FMI Midwinter Conference: Tim Steiner pitches Ocado model for the US
- In his keynote speech at the Food Marketing Institute's Midwinter Executive Conference, Tim Steiner, CEO of Ocado Group, gave attendees a tour of his $2.2 billion U.K. grocery delivery business, noting that the key to its profitability is in its technology and its focus on operational efficiency. Ocado employs 1,300 engineers, holds more than 200 patents, and spends less to deliver products to a customer than its closest competitor, Tesco, spends putting those same products on store shelves, Steiner said.
- Although store pickup has proven to be a popular option for U.S. consumers, Steiner said shoppers in the U.K. overwhelmingly favor home delivery. He said Ocado charges shoppers $2.10 for delivery, matches its competitors on price, and does more than half of its sales in fresh products.
- Asked whether Ocado's model could succeed in the much less population-dense U.S. market, Steiner said it would work in the nation's population centers. "We don't serve the whole of the U.K.," he said. "We don't go to the Scottish Highlands where there's thousands of acres between each residence. But there are swaths of the U.S. with the vast majority of your population in them where this will work."
At a conference filled with retail and manufacturing executives concerned over how to capitalize on the growing demand for online grocery shopping, Steiner offered a glimpse of the future.
Ocado, unlike just about every U.S. grocer, operates a profitable e-commerce business. And it does so by focusing on world-class technology and logistics, and by stripping costs out of the operation wherever possible. The company operates massive, automated warehouses where around 500 robots dance about picking products — coming within 5 millimeters of one another, Steiner said — and routing those items for delivery from 20 hubs situated around the U.K.
Ocado developed most of the software it uses, Steiner said, and focuses on routing its delivery vans in the most efficient ways possible. Each van delivers around 20 orders per shift, and does around $1.4 million in business annually — roughly the equivalent of a Dollar General store, he pointed out.
"We can get groceries from the back door of our shed to handing them to a customer in her kitchen for less cost than Tesco, who has 30 times our scale, can put them on the shelf of their hypermarket," Steiner said. "That's what delivering at the lowest possible cost means."
Ocado does most of its business in fresh — a category that many in the U.S believe is a struggle for online grocers. It does this by focusing on quality control and consistency, but also through innovative steps like listing the sell-by date of every product online.

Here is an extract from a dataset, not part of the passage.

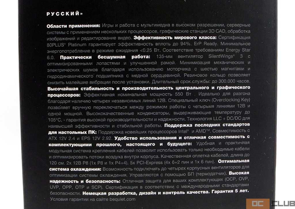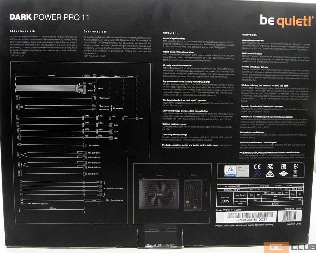 Be Quiet! Dark Power Pro 11 550 Вт получил полный спектр защит, характерных для блоков потребительского класса, а именно:

Ocado also puts a great deal of emphasis on its customer service. This happens through the typical call center and digital channels, Steiner said, but also through some new methods that take advantage of Ocado's bleeding-edge technology. Recently, the company took every email it has received in its 15 years in business and fed it into a machine learning tool in order to learn more about what was most frustrating its customers.
As informative as Steiner's presentation was, it was primarily a sales pitch. The company, which operates as a pure-play online grocer as well as an e-commerce partner for brick-and-mortar grocers, has made moves abroad recently, and hopes to crack the U.S. market. In November, Ocado signed on with Group Casino in France, and earlier this month announced a deal with Sobeys in Canada — its first North American contract.
In the wake of Amazon's acquisition of Whole Foods, U.S. grocers scrambled to expand their online presence. Many inked deals with third-party providers like Instacart and Shipt. The former grew from serving just 30 markets to nearly 200 in less than a year’s time. This has given grocers a foothold in a fast-growing channel, but questions linger about the future of this store-focused fulfillment model that many have opted for. Simply put: As e-commerce grows, stores will likely struggle to serve both in-store and online demand.
Steiner made sure to highlight the inefficiencies of store fulfillment in his presentation. According to him, the process of getting a product into a grocery store, putting it on the shelf and then picking and packing it for online delivery takes 74 minutes, whereas Ocado can store and fulfill in just 15 total minutes.
That level of efficiency could very well lead Ocado to a partnership with a U.S. retailer. Although many shoppers have shown a preference for store pickup, home delivery has a lot of room to grow. As companies whittle down delivery fees and improve their consistency and logistics, it will likely become the preferred option for shoppers, particularly in dense markets.
Ocado's technology, its expertise and relentless focus on efficiency make it a potential foil for Amazon. As the e-tailer really begins to leverage its Whole Foods stores and distribution centers for online fulfillment this year, Ocado will probably start looking better and better. It's likely not a question of if the company will partner with a major U.S. retailer, but when.